The project study focuses on creating and maintaining quality of life and sustainable growth in the region with an emphasis on refocusing the local zoning ordinances and subdivision rules and regulations. The region to be studied includes seven counties—three in Tennessee and four in Georgia. Sustainable growth would address community issues in quality of life and growth. The project goals are: continue to allow food to be grown locally; clean surface water and recharge storm water runoff; conserve water due to recent regional drought conditions; provide for multiple mass transportation options; reduce air pollutants; create convenient and cost effective recycling solutions; define appropriate building zones; plan for open space and parkland; and promote energy efficiency.
SDAT study linked to Climate Protection Agreement
Steve Haase, AIA, LEED AP, of Chattanooga-based franklin|architects, is the chairman of the steering committee on the project, and was president of AIA Chattanooga when the SDAT announcement came out. Haase says the SDAT project study was linked from the beginning to the Climate Protection Agreement.

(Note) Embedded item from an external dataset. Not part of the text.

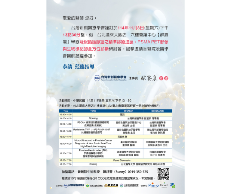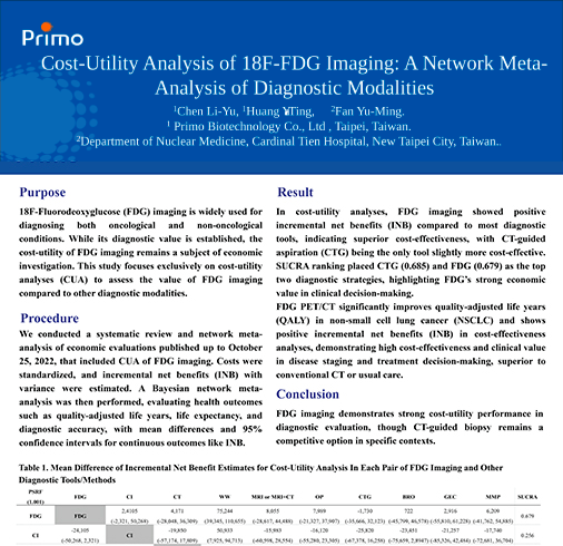 This study poster was presented at 2024 Annual Conference of Society of Nuclear Medicine, Taiwan.

“I made an announcement in 2006 at our monthly meeting and ended up with eight architects and regional planners who were interested,” Haase says. “We thought it would be a good idea to explore. We had a brainstorming session and invited people to join us. There wasn’t time, however, to get a proposal together. But this past June I sent a notice that we would meet to get out a proposal.”
Once Volkswagen made the announcement it was going to create a new manufacturing facility, Haase and team thought it was a perfect opportunity to generate its proposal, with the Volkswagen facility being the focus of the project study. “We just had to put parameters on it,” Haase recalls. “We wanted to make sure that if the proposal was accepted, whoever came to town would know that the city of Chattanooga and the region had signed the mayor’s Climate Protection Agreement. We wanted to make sure that any recommendations factored that into the equation.”

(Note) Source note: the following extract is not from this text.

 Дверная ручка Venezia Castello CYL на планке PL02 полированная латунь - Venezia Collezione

Haase cites auto manufacturing plants in Greenville, S.C., and Spring Hill, Tenn., as projects that have grown beyond what was envisioned over 10 years ago. “While Volkswagen will create 2,000 jobs, there will be other jobs, such as suppliers, associated with the overall growth. It becomes an exponential growth equation. For every worker at the Volkswagen plant you end up with another three-and-a-half workers within the region.”

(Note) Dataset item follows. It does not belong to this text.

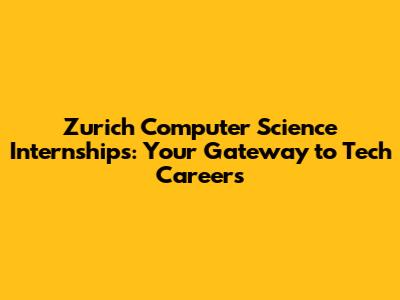 Zurich Computer Science Internships: Your Gateway To Tech Careers

Haase believes the issues that the SDAT project study are going to address will reduce the region’s greenhouse gas emissions. “I don’t know that it will help us get down to levels that the Climate Protection Agreement states because we are going to be growing by adding jobs and facilities, but at the same time we need to be reducing our greenhouse gas emissions,” he says. “But letting the community grow while reducing greenhouse emissions will be a challenge."